What have you learned about yourself from books, podcasts, essays, speeches and words of Black and brown people?
Knowing myself has and will always be a journey for me. I am a Capricorn with Virgo rising, so internalizing and reliving is part of my nature. One of the things that I have noticed is that engraved slave mentality people whose generations have experienced slavery is holding. I am Bulgarian by birth. My people were slaves for the ottoman empire for 500 years. Technically liberated in 1878, growing up I could feel that energy in my country. We, however, were lucky not to have the continued slavery practices and laws against our people after most of our territories were liberated. We had our land and the peoples in the USA didn’t. We were able to create structures and government bodies. The peoples in the USA couldn’t. We were not anymore afraid for our lives, yet we kept being afraid for generations after.
I understand that there is nothing I could do to really understand what it is like to be BIPOC in the USA, but I can stay committed to support those whose rights are at stake. There was an old legend about a Bulgarian Khan(king), who at his death bed gathered his sons, took a single arrow, broke it easily. Then he took a bunch of arrows and wasn’t able to break them. He told his sons- if you stay together, you are unbreakable.
I am still and always be learning about the BIPOC experience and learning how to be best ally. I have always believed that all humans are created equal, and I know all humans are not treated this way. I have learned more about my downfalls, indoctrinations, my inconsistency with my values and my actions, and I am becoming clearer every day about the little everyday actions and reactions, so I can make more differences in the world around me.
What can you do to counter the idolization and demonization of Black and Brown people?
Currently, I am seeing this in 3 ways. My personal journey, my teachings to others and politically. Personally, I work on dismantling any falsehoods and indoctrinations. You know, watching any American action movies for example- every time a cop goes to get info, the informant is black man with priors, who usually gets beaten up by the police too. There has been so much effort to make BIPOC humans seem evil.

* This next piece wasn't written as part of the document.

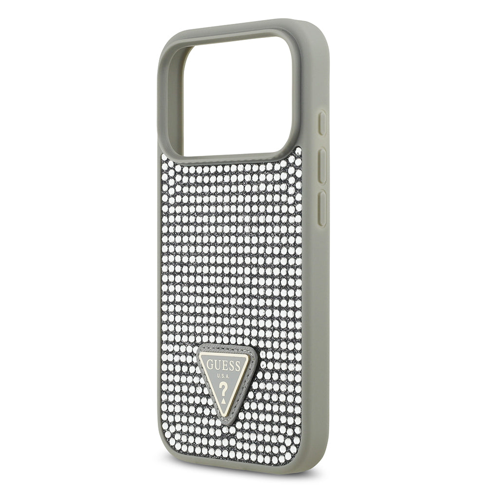 iPhone 17 Pro Kılıf Guess Orijinal Lisanslı Taşlı Arka Yüzey Üçgen Logolu Kılıf

I like to talk to my children about this, so they grow up not believing that those things are true. In public settings I do engage in similar conversations, and I step up for humans that may be put down or demonized in such a way.
Politically is probably the hardest, because I don’t believe that the USA is as democratic as it is supposed to be. If it was, we wouldn’t have to do all this work now, as all humans would already be seen as equal under law. But they are not. I hope we get to revolutionize the political system, and that will take a village.
Where has/does binary thinking create a barrier to your growth in your anti-racism social justice work?
Ah, I think I am lucky in this perspective that I did not grow up here and I don’t think in binary way the way that most do. Politically, my family had Communist, Green party and a Democrat always fighting about what’s best, and my brother and I were exposed to those conversations on a daily. I think that very early I understood that there are always way more than one or even two sides of any story. In the USA it seems that everyone is in that space- us vs them. I think my barriers are about the larger picture. I don’t always feel powerful enough to make a change, my doubts that I can create a change or my thoughts- Am I the right person to even step in those shoes, vs someone who is BIPOC, if that make sense.
Question to ask yourself- “What questions are missing to practice truth and reconciliation as I continue to take responsibility for racism and acknowledge it in me, around me, and in the systems, I partake in?”
If you know me, you know I often play devil’s advocate, trying to understand the world in me and around me. I see a lot of separation. My Korean sister-in-law was dismissed from her family for marrying a white guy. Many white people dismiss others for their suffering. I would love to see the world thinking of every living being as precious. I got to start with me.
I cannot embody that unless I do my work in all my relationships. I am working on finding love for even my abuser, the father of my children, which has been hard.
Facing the truth is hard for us all, but it is the only way through. I believe strongly in the Yogic principles, and Yoga, above all is teaching us to look inward and remember our Own True Nature: Which is Love.
It sounds cheesy, but I find it to be true. If my frequency is one of Love, then I can influence those around me to frequent in the same way. If we love each other, maybe we will stop separating one another by race, religion or anything else…
Thank you for your energy, time, voice and presence in studio and within the community! Sending you so much love and gratitude as you are a true force of allyship and representation of possibilities of UNITY!!